Mein Vater – Dirigent, Apokalyptiker und Umwelt­aktivist – hat gern auf den korrespondierenden Zauber von Schönheit und Entsetzen verwiesen. Einige Werke großer Komponisten (etwa Wagners »Tristan und Isolde«, Mozarts »Don Giovanni« oder die ­6.  Sinfonie von Mahler) vereinen diesen vordergründigen Gegensatz. Mir ist er gelegentlich in Afghanistan begegnet.
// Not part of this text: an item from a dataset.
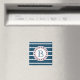 Nautisches Design mit Monogramm-Dekoration in runder Form auf blau-weiß gestreiftem Hintergrund
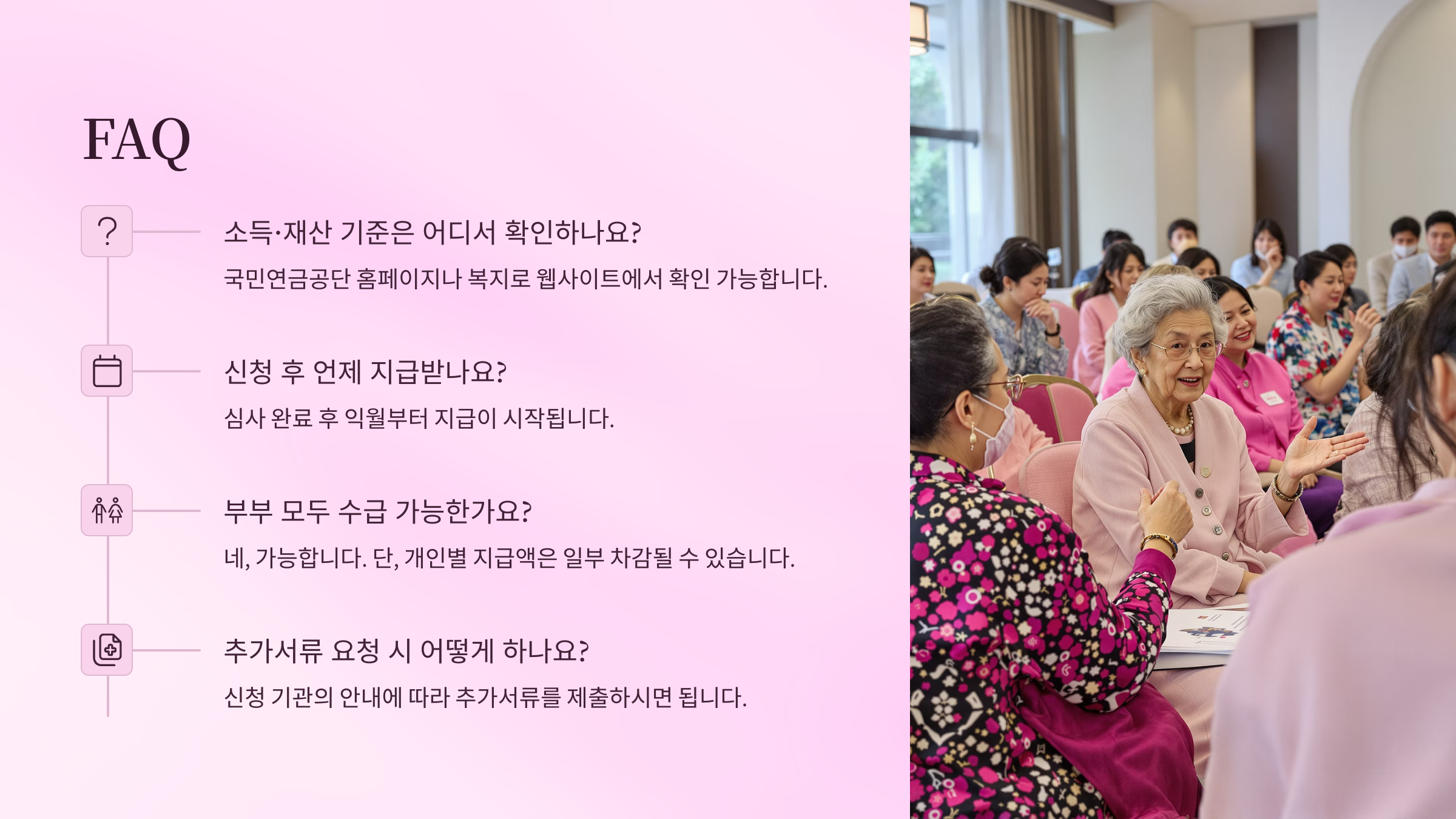 신청 대상은 국민연금 가입 여부와 관계없어요. 국민연금을 받는 사람도, 받지 않는 사람도 기초연금 대상이 될 수 있어요. 다만 국민연금 수급액이 많으면 기초연금 일부가 감액될 수 있답니다. 참고로 기초생활수급자도 중복 수급 가능해요!

Um der emotionalen Gewalt dieser Erkenntnis zu entgehen, flüchtete mein Vater. Zurück in die Kindheit. In die Nostalgie scheinbar unberührter Natur. Weitgehend ohne Zerstörungen. Er verklärte diesen Teil seiner Jugend. Einen anderen verdammte er. Es war der Teil, den er mit Menschen verband. Insbesondere mit seinen Eltern. Hier fühlte er sich seiner kindlichen Erfahrung beraubt.

Ich muss wieder an das Schreiben des Lesers denken, der über den Tod seiner Mutter trauerte (S. 63). Dort findet sich ein nicht selten bemühter und doch bemerkenswerter Satz. Er habe mit seinen beiden Eltern auch seinen »Kinderstatus« verloren.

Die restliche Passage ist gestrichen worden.